CB Neon Light B&W

Purchase of Goods and Services by CBMH for Vendor

Updated: October 28, 2024

Applicability. These terms and conditions of purchase (these “Terms“) are the only terms which govern the purchase of the goods (“Goods“) and services (“Services“) by C & B Material Handling, LLC (“Buyer“) from the seller named on the accompanying Purchase Order (“Seller“). The accompanying order form/purchase order (the “Purchase Order“) and these Terms (collectively, this “Agreement“) comprise the entire agreement between the parties, and supersede all prior or contemporaneous understandings, agreements, negotiations, representations and warranties, and communications, both written and oral. These Terms prevail over any of Seller’s general terms and conditions regardless of whether or when Seller has submitted its sales confirmation or such terms. This Agreement expressly limits Seller’s acceptance to the Terms of this Agreement. Fulfillment of or other performance under this Purchase Order constitutes acceptance of these Terms.

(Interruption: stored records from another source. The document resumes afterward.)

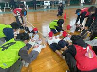 開閉会式では、手をあげて大きな声で返事をしたり、線に沿って行進したりすることをがんばりました。万国旗の色塗りにも意欲的に取り組みました。
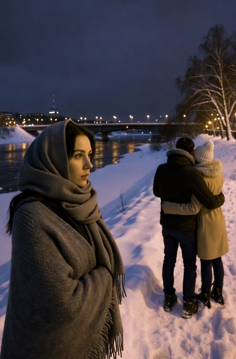 Муж стоял вполоборота, опираясь локтями на перила. На нём была та самая черная куртка с капюшоном, которую он купил в прошлом ноябре и которую Люба называла «курткой взрослого мальчика». Рядом с ним стояла женщина. Не очень высокая, в длинном бежевом пальто и белой вязаной шапке. Они смотрели в одну сторону — туда, где через реку перекинут старый металлический мост, подсвеченный жёлтым светом.
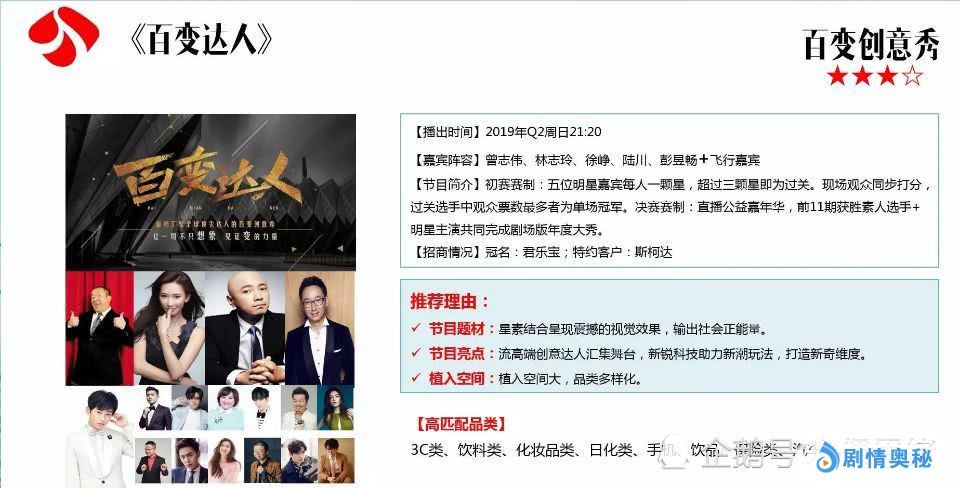 这档综艺就是《百变达人》,是一档创意竞演节目。节目每期将会邀请五位明星嘉宾,为参赛的素人选手投票,再结合上观众们的票数成为本场的冠军。在最后的节目中将直播公益嘉年华,素人选手和明星一起完成年度大秀。
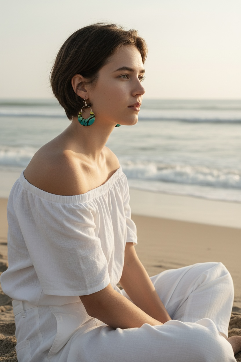 Hand cut and formed enameled copper earrings. Approximately 1 1/2" in diameter. 1 3/4" length sterling silver wire.

Delivery of Goods and Performance of Services. Seller shall deliver the Goods in the quantities and on the date(s) specified in the Purchase Order or as otherwise agreed in writing by the parties (the “Delivery Date“). If Seller fails to deliver the Goods in full on the Delivery Date, Buyer may terminate this Agreement immediately by providing written notice to Seller and Seller shall indemnify Buyer against any losses, claims, damages, and reasonable costs and expenses directly attributable to Seller’s failure to deliver the Goods on the Delivery Date. Seller shall deliver all Goods to the address specified in the Purchase Order (the “Delivery Point“) during Buyer’s normal business hours or as otherwise instructed by Buyer.  TO the extent applicable, Seller shall provide Services to Buyer as described and in accordance with the dates or schedule set forth on the Purchase Order and in accordance with the terms and conditions set forth in these Terms. Seller acknowledges that time is of the essence with respect to Seller’s obligations hereunder and the timely delivery of the Goods and Services, including all performance dates, timetables, project milestones and other requirements in this Agreement.

Title and Risk of Loss. Title and risk of loss passes to Buyer upon delivery of the Goods at the Delivery Point.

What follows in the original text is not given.